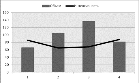 Сказанное иллюстрирует график рисунка 5, на котором параметрическая нагрузка отличается от графика нагрузки представленного ранее на рис. 4, тем, что отображает отдельно интенсивность рывка и толчка, а динамика объема относительна изменению интенсивности.
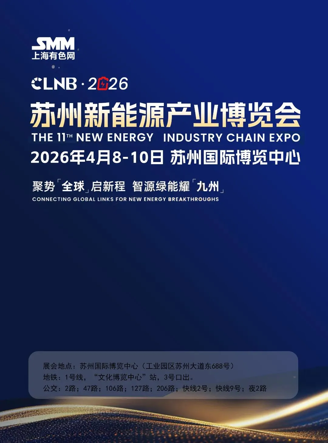 CLNB 2026第十一届新能源产业博览会将于4月8日-10日在苏州国际博览中心举办。展会将聚合全球1,500余家展商及参会企业,同时有超30,000人次专业观众,覆盖储能、电力、锂电回收、正极材料、矿业原料及固态电池低空经济等各大新兴领域。在全球能源结构加速向清洁化转型的背景下,中国“3060”双碳目标稳步推进,欧洲2030年可再生能源消费占比目标明确,全球各国家和地区的政策共同驱动下,预计到2030年,全球可再生能源供给比重或突破30%。行业现状呈现挑战与突破并存,全球储能市场2024-2030年复合增长率超过20%,新能源汽车市场渗透率持续提升。锂电产业链中,正极材料向高镍、富锂锰基升级,锂电回收龙头赣锋锂业实现95%以上镍钴金属回收率,推动循环经济闭环,中国回收产能过剩问题正逐步出清:矿业原料领域则面临锂、钴等关键矿产的ESG挑战,供应链溯源与低碳化成为国际竞争核心。未来趋势聚焦技术革新与市场融合,固态电池领域,新技术不断突破,新产品不断涌现,共同支撑未来低空经济等新兴赛道的蓬勃发展。国际化融合贯穿全链条:设立“矿业+新能源国际”专区,涵盖了国际电池原材料论坛、国际市场论坛等活动,吸引200+海外采购团来到现场,进而推动技术标准与市场资源的跨国协同。本届博览会将串联“矿产溯源-终端应用”全链条,驱动产业从“内卷”走向“共赢”成为加速全球绿色能源革新的核心枢纽。
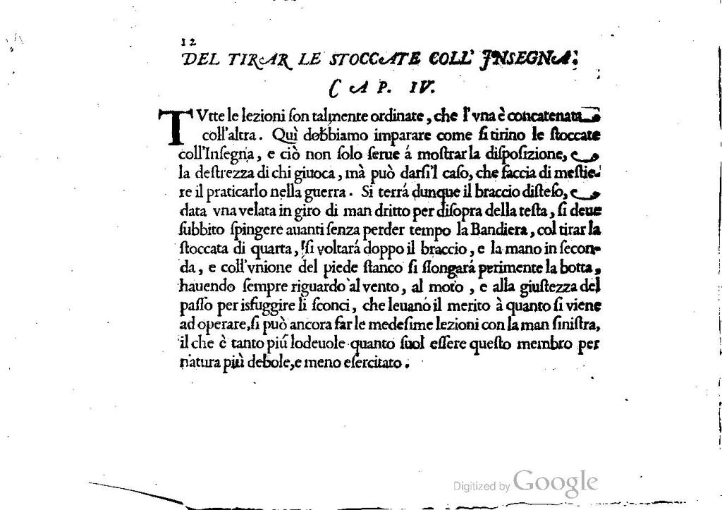 TUtte le lezioni sono talmente ordinate che lʼuna è concatenata collʼaltra. Qui, dobbiamo imparare come si tirino le stoccate collʼInsegna, e ciò non solo serve a mostrare la disposizione e la destrezza di chi giuoca, ma può darsi caso che faccia di mestiere praticarlo nella guerra. Si terrà dunque il braccio disteso, e data una velata in giro di man dritto per disopra della testa, si deve subito spingere avanti senza perder tempo la Bandiera, col tirar la stoccata di quarta, si. voltarà. doppo il braccio, e la mano in seconda, e collʼunire il piede stanco si slongarà parimenti la botta, avendo sempre riguardo al vento, al moto e alla giustezza del passo per isfuggire gli sconci, che levano il merito a quanto si viene ad operare. Si può ancora fare le medesime lezioni con la mano sinistra, il che è tanto più lodevole quanto suol essere questo membro per natura più debole e meno esercitato.
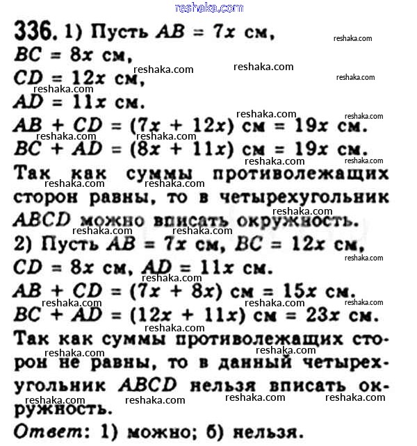 Решака - онлайн ответы Геометрия Мерзляк, Полонский за 8 класс Учебник ФГОС 2015 - 336
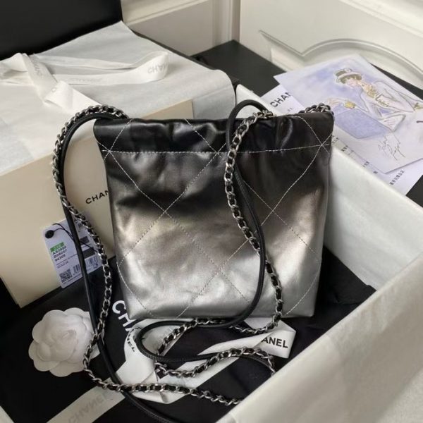 Chanel 22 AS3980 Mini Tote Shiny Calfskin & Silver Metal Silver Black
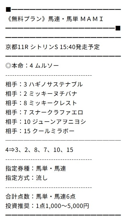 中央競馬で行われる全てのレース予想を公開しているわけではありません。
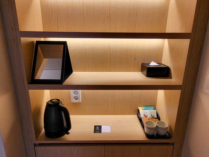 화장실 옆으로 전기포트와 각종 차류, 미니 냉장고가 준비되어 있다. 냉장고 안에는 생수 3병이 들어 있다. 거울과 콘센트, 여유공간 때문에 머리 말리기와 화장은 이쪽에서 했다.
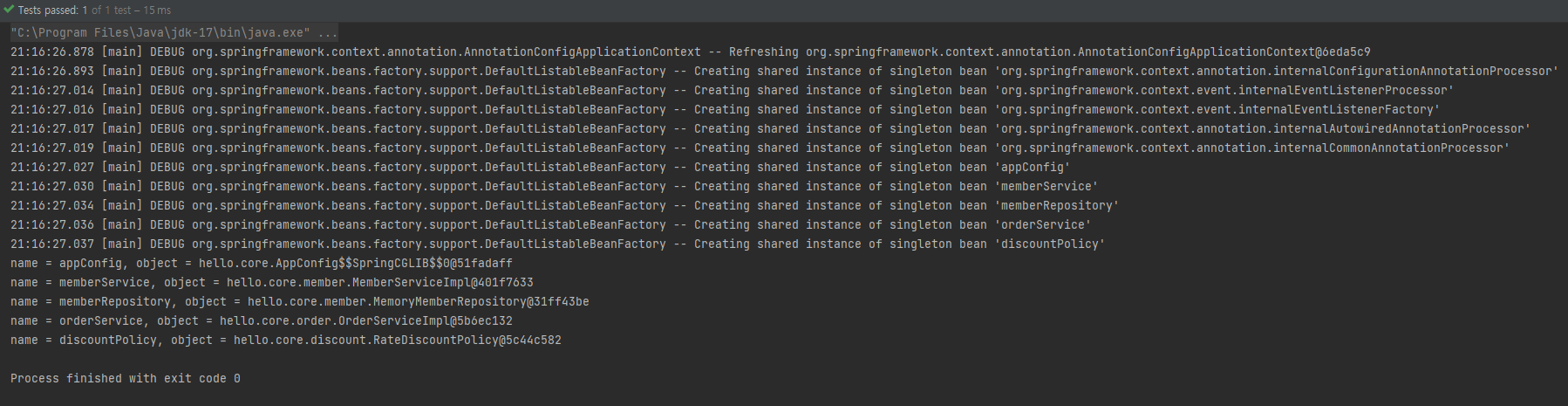※ 위 테스트에서 사용한 AppConfig Class를 사용하지 않고 내부 클래스로 테스트 환경을 만들었음
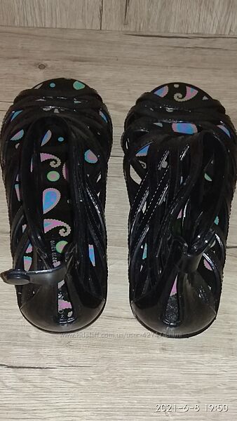Фото1-4 Нові босоножки резинові ззаду застібаються на кнопку. По стельці від краю до краю 22см.-150грн.Фото5-6 Шльопки з пайєтками Эльза і Анна. По стельці від краю до краю 21см. Стан відмінний.
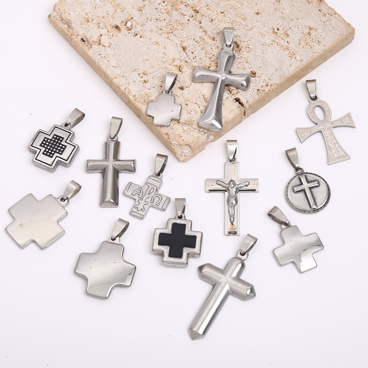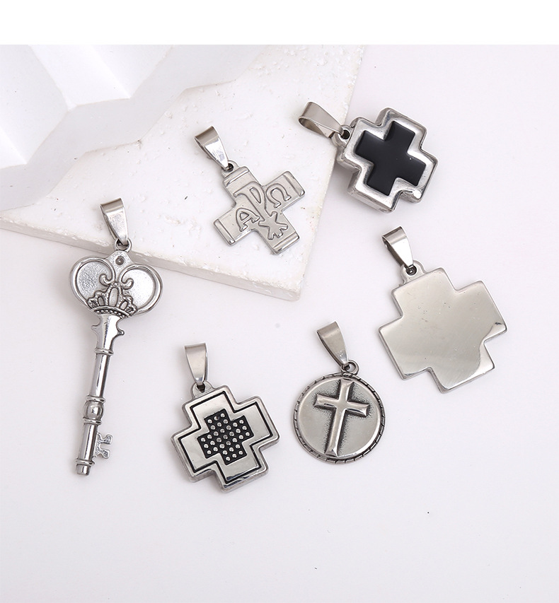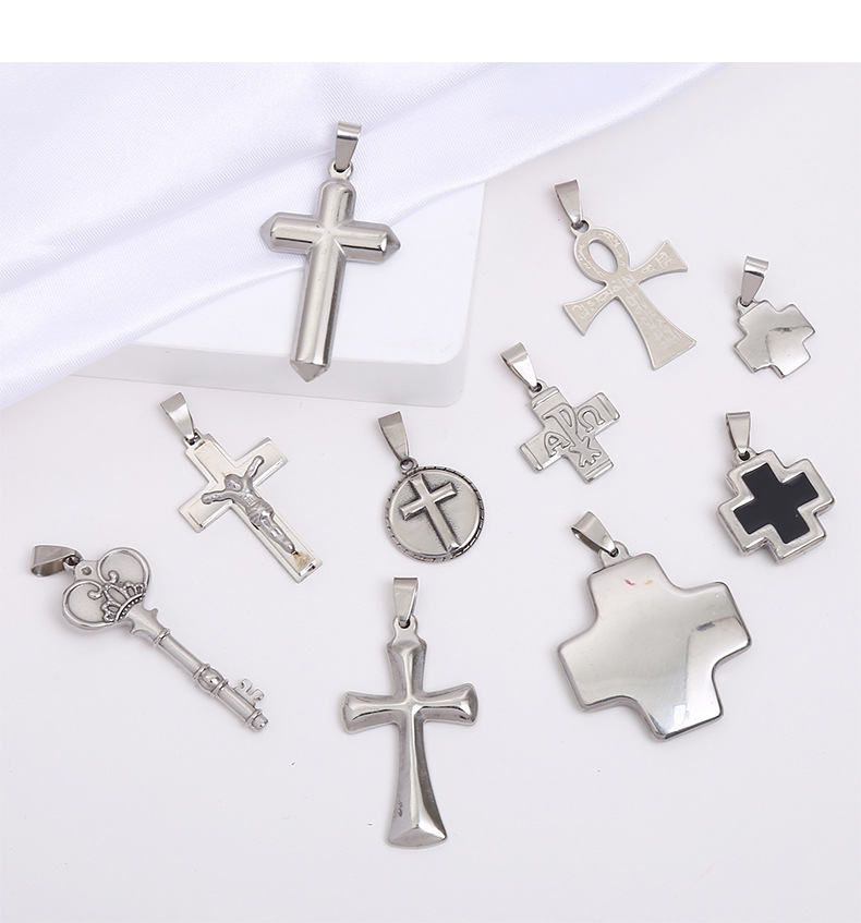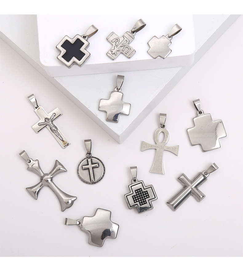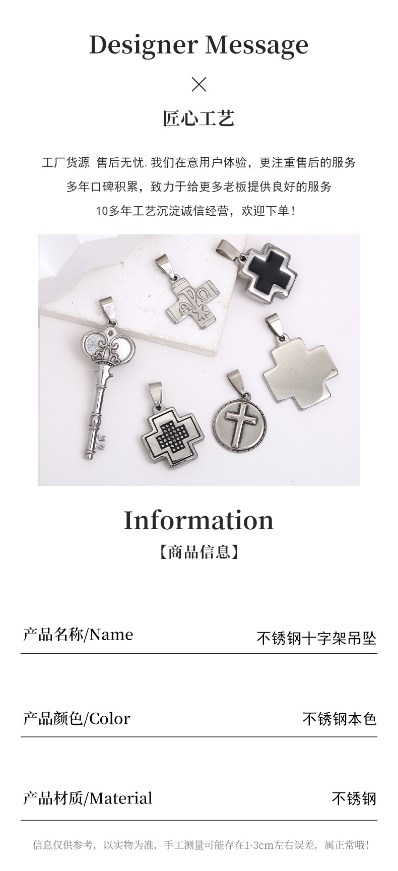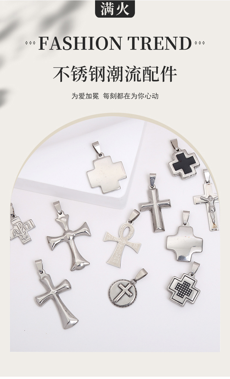 批发简约饰品配件时尚亚马逊ins欧美复古十字架不锈钢电镀男吊坠

= = = = =

**What to work on:** Here the job is to output the lines from the top of the listing through the line holding "CLNB 2026第十一届新", word for word and without pictures.

**Answer space:**
 Сказанное иллюстрирует график рисунка 5, на котором параметрическая нагрузка отличается от графика нагрузки представленного ранее на рис. 4, тем, что отображает отдельно интенсивность рывка и толчка, а динамика объема относительна изменению интенсивности.
 CLNB 2026第十一届新能源产业博览会将于4月8日-10日在苏州国际博览中心举办。展会将聚合全球1,500余家展商及参会企业,同时有超30,000人次专业观众,覆盖储能、电力、锂电回收、正极材料、矿业原料及固态电池低空经济等各大新兴领域。在全球能源结构加速向清洁化转型的背景下,中国“3060”双碳目标稳步推进,欧洲2030年可再生能源消费占比目标明确,全球各国家和地区的政策共同驱动下,预计到2030年,全球可再生能源供给比重或突破30%。行业现状呈现挑战与突破并存,全球储能市场2024-2030年复合增长率超过20%,新能源汽车市场渗透率持续提升。锂电产业链中,正极材料向高镍、富锂锰基升级,锂电回收龙头赣锋锂业实现95%以上镍钴金属回收率,推动循环经济闭环,中国回收产能过剩问题正逐步出清:矿业原料领域则面临锂、钴等关键矿产的ESG挑战,供应链溯源与低碳化成为国际竞争核心。未来趋势聚焦技术革新与市场融合,固态电池领域,新技术不断突破,新产品不断涌现,共同支撑未来低空经济等新兴赛道的蓬勃发展。国际化融合贯穿全链条:设立“矿业+新能源国际”专区,涵盖了国际电池原材料论坛、国际市场论坛等活动,吸引200+海外采购团来到现场,进而推动技术标准与市场资源的跨国协同。本届博览会将串联“矿产溯源-终端应用”全链条,驱动产业从“内卷”走向“共赢”成为加速全球绿色能源革新的核心枢纽。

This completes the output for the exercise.